Team:IIT Madras/Summary
From 2009.igem.org
Our project PLASMID - Plasmid Locking Assembly for Sustaining Multiple Inserted DNA - introduces a new paradigm in gene regulation. The study is based on the concept of plasmid loss. Any episome (extrachromosomal genetic element) introduced into the cell shows a segregational asymmetry accompanied with differential growth rates in the absence and presence of episome leading to an overall loss of the episomal unit in the absence of any maintaining selective pressure. It is hypothesized that by appropriately controlling the external selective pressures, one can control the direction of plasmid loss in the cell, modifying the existing gene regulation system in a pre determined manner. It is also hypothesized that introducing negative selective pressures against certain other directions of plasmid loss, in the form of constitutively repressed endotoxins will help streamline the regulatory system even further.
If successful, this study allows for exquisitely delicate and precise multifactorial regulation of gene control in the future. This model can also be used to hide genes of commercial interest to protect it from unauthorized use (under some conditions).
Summary
Our project is based on the fundamental concept of plasmid instability in a novel way to conceal information or ‘lock’ a gene’s function in a cell until the correct combination of inputs is fed into the cell. We call this a ‘combinatorial lock’ or PLASMID. It involves the positive regulation of the gene of interest only on receiving the correct inputs from the user. We use plasmids which can confer resistance to certain antibiotics in the medium and link them up in a certain way (i.e, essentially designing a genetic circuit) so that they repress the expression of the gene of our interest. As the selection pressure is lifted from the media, the plasmids which have the repressors for the gene of interest are lost, hence revealing the gene on using the correct series of antibiotic washes. In essence, the process of unlocking would simply be the correct sequence of antibiotic media in which the cells should be washed.
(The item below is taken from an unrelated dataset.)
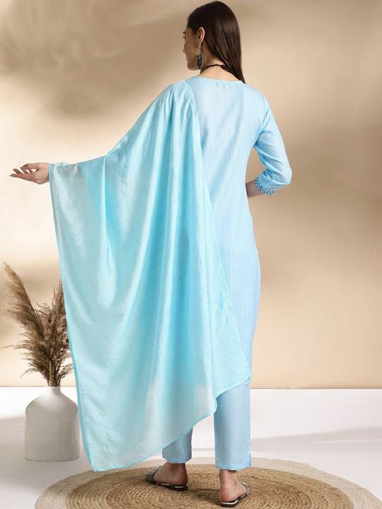 women ethnic Floral Embroidered Regular Thread Work Straight Kurta with Trousers & Dupatta indian pakistan salwar kameez

We would be working with a 2 plasmid system and it is easy to see that this principle, theoretically, could be extended to N plasmids. In general the code length required to "unlock" is N-1 if the number of plasmids introduced are N. In our case, since the number of plasmids being introduced are 2, the code would essentially be just 1 unit long. Particularly in this case, the 1 unit of code corresponds to growing the cells in one correct antibiotic medium.
Fig 1: The gene of interest is "locked" or repressed by the inhibitor in the plasmid 2. The plasmids are linked up in a certain way that the plasmids need to be lost only in a very specific order, else the cells die due to the release of a toxin. Thus the "unlocking" of the gene of interest requires a predetermined order of growth conditions which allows for a directional loss of the plasmids, and hence the repressor for the promoter that expresses the gene of interest.
However, in the experiments we have not incorporated any particular gene to be repressed. Instead we study how can we achieve a directed loss of plasmids which is the idea central to the working of the system. In place of a gene of interest, we have placed fluorescent reporters in each plasmid to monitor the presence or absence of any particular plasmid.